A myriad of changes including economic, demographic, and technological shifts, are disrupting the manufacturing sector.
For this reason Manufacturers Alliance for Productivity and Innovation (MAPI) produced a new report, Manufacturing Megatrends, revealing how 81 senior executives are assessing the impact of disruptive megatrends on their businesses in 2015.
"The manufacturing world is being shaped by several new forces—IoT capabilities, the understanding of total cost of ownership, and the work–life balance expectations of millennial employees—and how companies respond will define their success," said Jenn Callaway, MAPI's director of councils and business research.

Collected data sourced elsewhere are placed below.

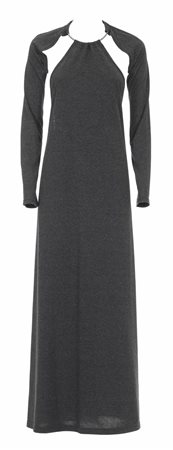 Abito in jersey a portafoglio con girocollo in metallo della collezione PE 99, maniche staccabili, schiena scoperta con chiusura a due bottoni sul retro. Taglia M.
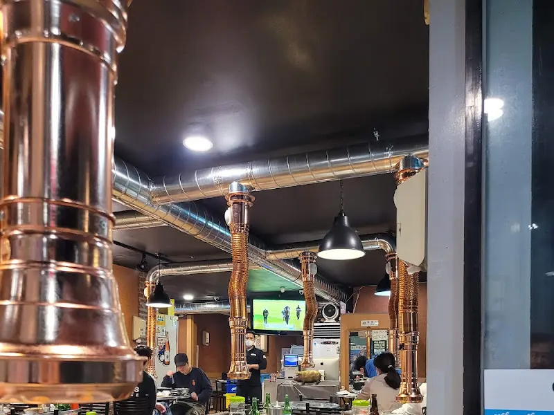 한 20분쯤 기다렸나? 드디어 내 이름이 불렸다. 쏴리질러! 문을 활짝 열고 들어서는 순간, 연탄불 향이 확 코를 찌르면서 식욕 풀파워 충전! 테이블마다 놓인 구리빛깔 연통 후드가 시선강탈, 완전 힙하다 힙해.
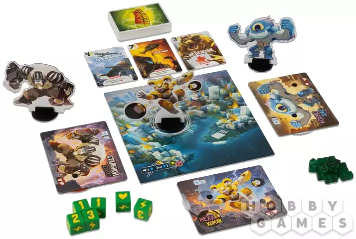 В этой версии вас ждут четыре новых монстра: Космо Джо, Гигарекс, Стальной хребет и Меха Хомяк, а ещё – 14 уникальных карт, которые добавят игрового разнообразия! Сама игра очень компактна и удобна – её можно взять с собой куда угодно и сражаться за Токио в любом месте! Готовы начать своё завоевание?
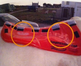 Kontrolle der Sattelpassform in Bewegung unter dem Reiter in Schritt, Trab und Galopp. Mit Hilfe dieses Sattelpads, das mit einem thermosensitiven Gel gefüllt ist, lässt sich die Passform Ihres Sattels überprüfen.
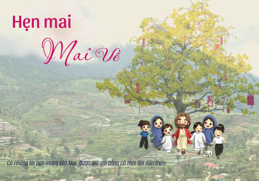 Mai đứng lặng trước hiên nhà nguyện nhỏ. Chiều cuối năm, gió từ triền núi thổi về mang theo cái se lạnh rất riêng của vùng truyền giáo. Ngoài sân, mấy em bé đang líu ríu treo những dải giấy màu đỏ lên cành mai rừng. Có em vụng về làm rơi sợi dây, lại cười khúc khích khi Mai cúi xuống giúp.
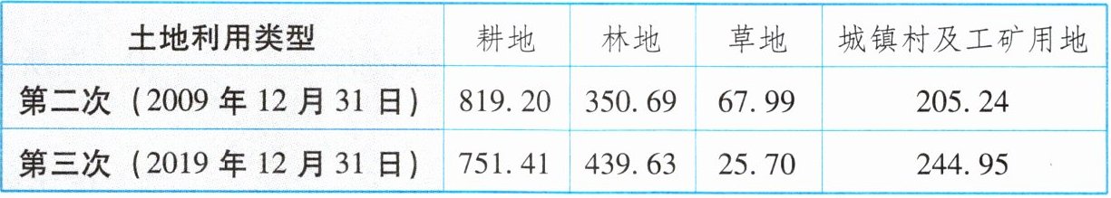 变化:耕地、草地面积减少;林地、城镇村及工矿用地面积增加。 建议:强化土地规划管控,保障土地科学利用;严控建设用地规模,提高其利用效率;落实耕地、草地保护制度。
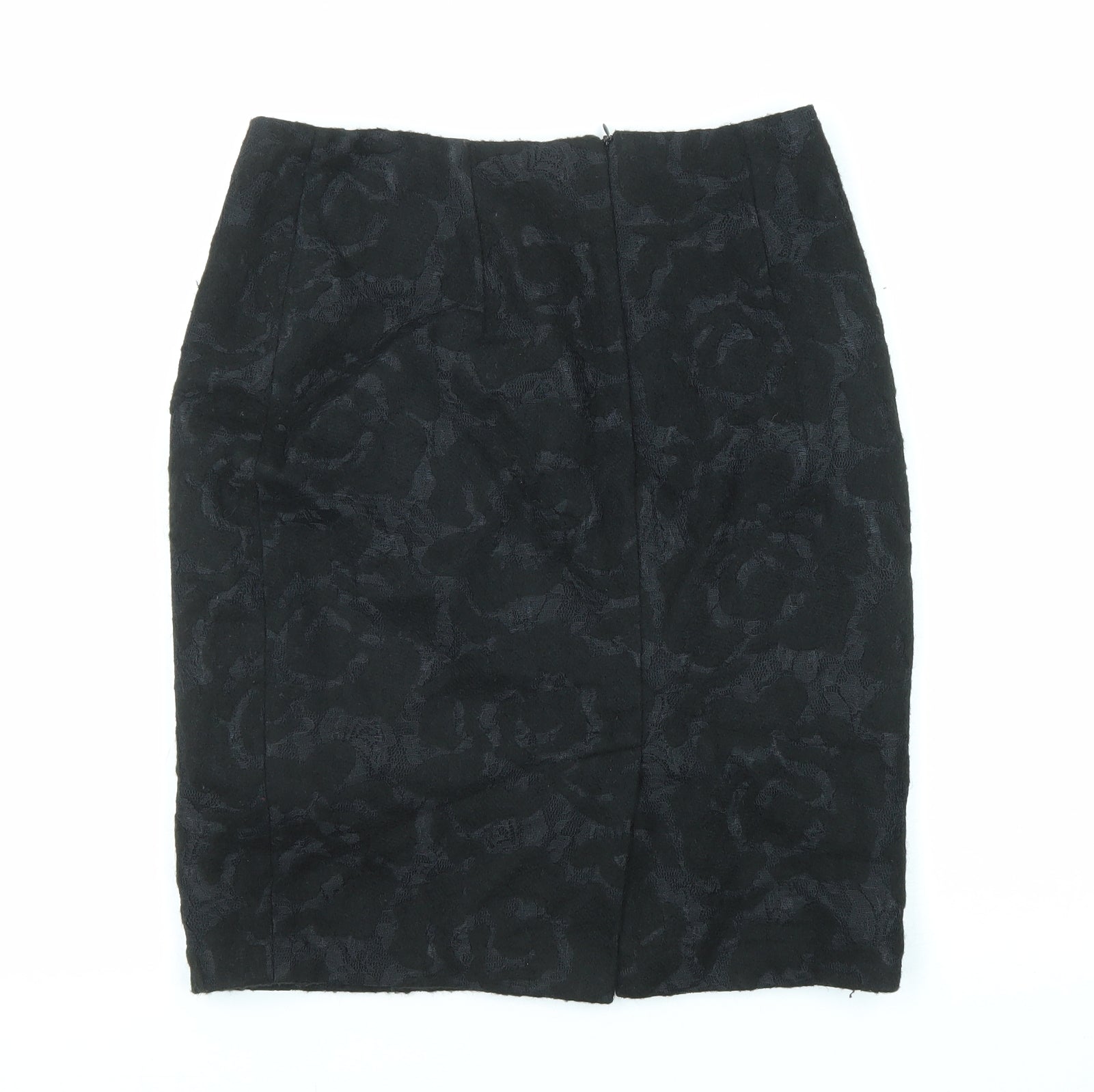 Clements Ribeiro Womens Black Floral Polyester Straight & Pencil Skirt Size 10 Zip

Key takeaways from survey:
Information is the New Currency
•Thanks to unparalleled access to information on pricing and profitability, three-quarters of executives report that understanding total cost of ownership had a positive impact on their business in 2015.
The New Workforce
•Labor markets are transforming—the manufacturing workforce is aging and it’s harder than ever before to attract talent. For nearly two-thirds of surveyed companies, access to skilled labor had a negative impact on their businesses last year.
Globalized Economic Risks & Opportunities
•With 45% of U.S. manufacturing revenue generated overseas, exposure to currency fluctuations, volatile energy and commodity prices, global supply chain disruptions, and regional economic uncertainty is at an all-time high. Economic and currency challenges took five of the top 10 spots on our list of factors having the most negative impact on manufacturers.
Technology’s Promise and Peril
•The digital revolution is delivering amazing opportunities for companies to innovate, yet some executives are still leery of the benefits of connected and wearable devices and cloud computing.
•The regulatory playing field has never been more global or less level. Many executives report that U.S. tax policy was a hindrance to their businesses.
"The ability to access insights about how to survive and thrive has never been more critical," Callaway said. "Those that adapt quickly will emerge more innovative and agile than their competitors."